Here are Right Now’s top stories of 2017, as voted by our volunteer team!

*drumroll please*

In no particular order…

1. Za’atari refugee camp — city of lost children by Tim Singleton Norton

Reiko Okazaki says, “It was a powerful example of how the photo-documentary medium can capture the juxtaposition of grave problems and glimpses of beauty in this world.”

Syrian woman in Za'atari camp

Photo: Hedinn Halldorsson/Save the Children

2. BEND, an audio-visual poem by Luke Bodley and Matthew Vandeputte

Claire Wilson says, “Listen lovingly to difference: With a message like this, combined with a strong poetic voice and creative video, what’s not to like in Luke Bodley and Matthew Vandeputte’s audio-visual poem.”

3. The abstraction of privilege by Adolfo Aranjuez

Sonia Nair says, “With his trademark rigour, Adolfo expertly deconstructs the limitations of identity politics and call-out culture. His essay is a long read but it’s well worth the time, particularly in an age where identity politics is routinely dismissed for all the wrong reasons.”


4. Reclaim the fight for free speech by Roj Amedi

Katherine Matthews says, “I really enjoyed reading Roj’s concise but passionate argument against the misuse of freedom of speech rhetoric in public debate.”

5. Drifting by John Bartlett 

Mihilini Fernando, “I think it succinctly conveys the horror and isolation of offshore detention, while juxtaposing it with the apathy and cruelty of the government (‘a Prime Minister/cheerily/tweeting scores’) in the face of their suffering.”
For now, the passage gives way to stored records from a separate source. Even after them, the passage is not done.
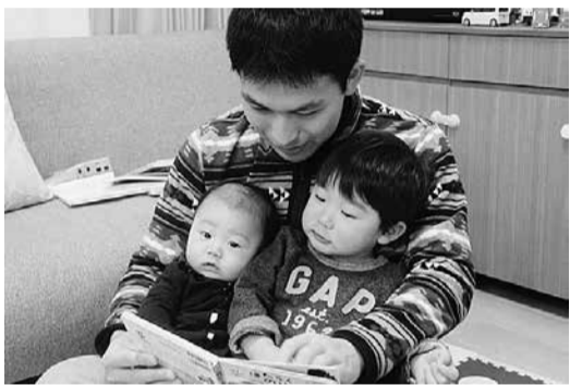
▲平成27年度イクメン・カジダン・イクジョイ写真展 最優秀賞ほくたちの特等席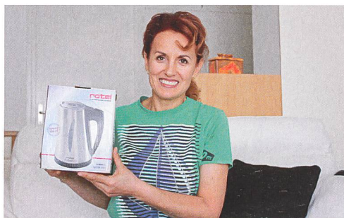
Zum Erfolg des Projekts hat beigetragen, dass passende Gratisartikel abgegeben wurden.

der Beratung nicht untergehe: «Die Abgabe der Artikel kann auch zu einer Erwartungshaltung führen.» Entscheidend für den Erfolg sei zudem eine begleitende Kommunikation auch von Seiten des Vermieters oder der Verwaltung, um die Teilnahme der Mieter zu fördern.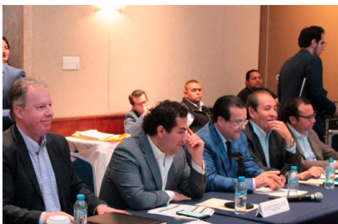
* Primera Reunión Plenaria de Alcaldes ANAC.

2. Con el objetivo de continuar impulsando un diálogo constructivo con actores municipalistas del país, asistimos a la Primera Reunión Plenaria de Alcaldes convocada por la Asociación Nacional de Alcaldes, ANAC. Presentamos el tema “La Profesionalización del Servidor Público Municipal en México”, en donde reafirmamos que la administración pública puede llegar a ser eficiente en su desempeño si se llevará a cabo una estrategia para fortalecer las capacidades técnicas de los gobiernos municipales.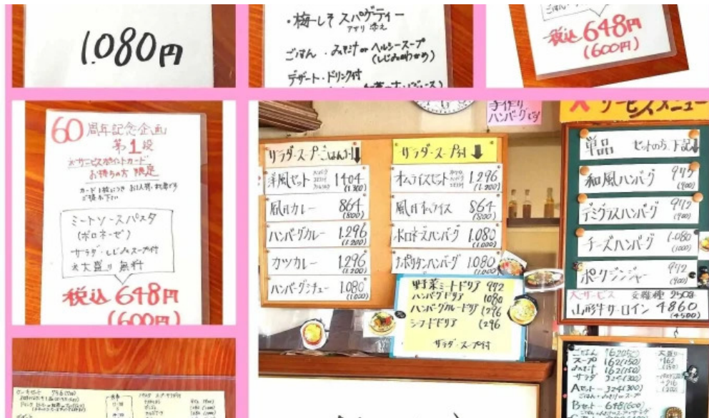
有風月堂 本店 メニュー

6. Bringing Nauru and Manus refugees to Australia is a win-win, if the PM is bold enough by Dennis Altman

Roselina Press says, “This is a clear-eyed look at how refugees and people seeking asylum have become political footballs, hand-balled from one government to the next, from one country to the next, without regard to the actual welfare of the human beings whose only crime was thinking that Australia would be a welcoming safe-haven.”

7. Post-war resilience in the Northern Province of Sri Lanka by Ali MC

Simon Farley says, “It touched on a subject quite close to me and my family and reminded me of the cruel face our government’s asylum seeker policies show to the world. The photos imbued MC’s subjects with a dignity that highlighted the everyday heroism required to survive war and persecution without romanticising the depth of their hardships.”
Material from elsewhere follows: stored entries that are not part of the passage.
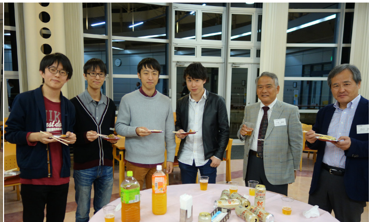
交流会の様子 (左から参加学生と小倉支部長・西江事務局長)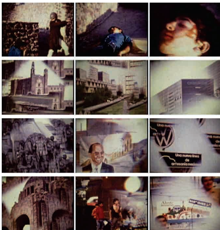
El fin (1970), de Sergio García.

verría (então candidato à presidência da República), um anúncio de cerveja, outro de automóveis, o Monumento à Revolução, com uns meninos da rua de baixo, um cartaz que proíbe a volta da esquerda, a bandeira de listras e estrelas da embaixada norte-americana, o Monumento à Independência, o anúncio de Bancomer. Finalmente, termina a vertigem da montagem e o jovem, agora de terno e bigode (reconhecemos o personagem inicial na prisão com forma de mapa) conduz seu automóvel, escuta uma canção de Armando Manzanero (“Adoro”) e percorre a cidade, passando pela praça do Metrô Insurgentes.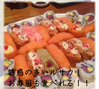
誘惑の多いルサカ！ お寿司も食べれる！！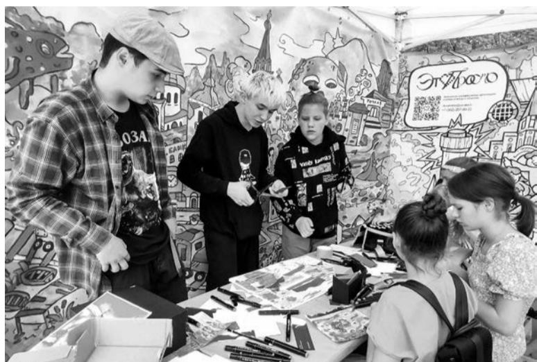
Участники молодёжного проекта «Это просто»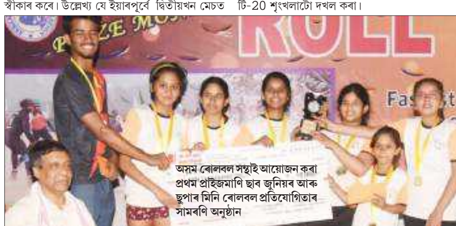
অসম বোলবল সন্থাই আয়োজন কৰা প্ৰথম প্ৰাইজমনি ছাব জুনিয়ৰ আৰু ছুপাৰ মিনি বোলবল প্রতিযোগিতাৰ সামৰণি অনুষ্ঠান

নিউজিলেণ্ডে পাঁচ উইকেটত জয়লাভ কৰিছিল। পোনতে বোটিং কৰা বাংলাদেশে ছয় উইকেটত সংগ্ৰহ কৰে 271 ৰাণ। প্ৰত্যুত্তৰত নিউজিলেণ্ডে 48.2 অভাৱত পাঁচ উইকেট হেৰুৱাই 275 ৰাণ কৰি জয়লাভ অৰ্জন কৰে। ইফালে, নিউজিলেণ্ডে প্ৰথমখন এদিনীয়া মেচত বাংলাদেশৰ বিৰুদ্ধে আঠ উইকেটত জয়লাভ কৰিছিল। পোনতে বোটিং কৰা বাংলাদেশে 41.5 অভাৱত 131 ৰাণত ইনিংছ সামৰে। প্ৰত্যুত্তৰত, নিউজিলেণ্ডে 21.2 অভাৱতে দুই উইকেট হেৰুৱাই 132 ৰাণ কৰি সহজে বিজয়লক্ষ্যত উপনীত হয়। এতিয়া কিৰি বাহিনীৰ লক্ষ্য টি-20 শৃংখলাটো দখল কৰা।

children gurunagar sri lanka

8. The trouble with trigger warnings by Sayomi Ariyawansa 

Stephen Cremean says, “Sayomi expertly analyses the shortcomings and challenges of mandatory trigger warnings in tertiary education institutions. The piece is thoughtfully written, and critical of the current Monash institution-wide policy.”

9. Middle-class Indigenous Australia exists by Anika Baset

Samantha Jones says, “Anika Baset’s thought-provoking and constructive review of Stan Grant’s essay, The Australian Dream: Blood, History and Becoming, really stood out to me this year. It is a timely discussion on how stereotypes further limit minorities and how important it is to push for broader definitions of identity. A must read!”

10. The truth about Manus, told by a journalist and a refugee trapped in limbo by Grahame Best

Roselina Press says, “In 2017, the podcast boom continued to grow. But even amongst all the podcasts that were vying for our listening ears, The Messenger was a standout. Grahame Best interviews Michael Green, the host of this extraordinary podcast. Read this interview then go listen to The Messenger.”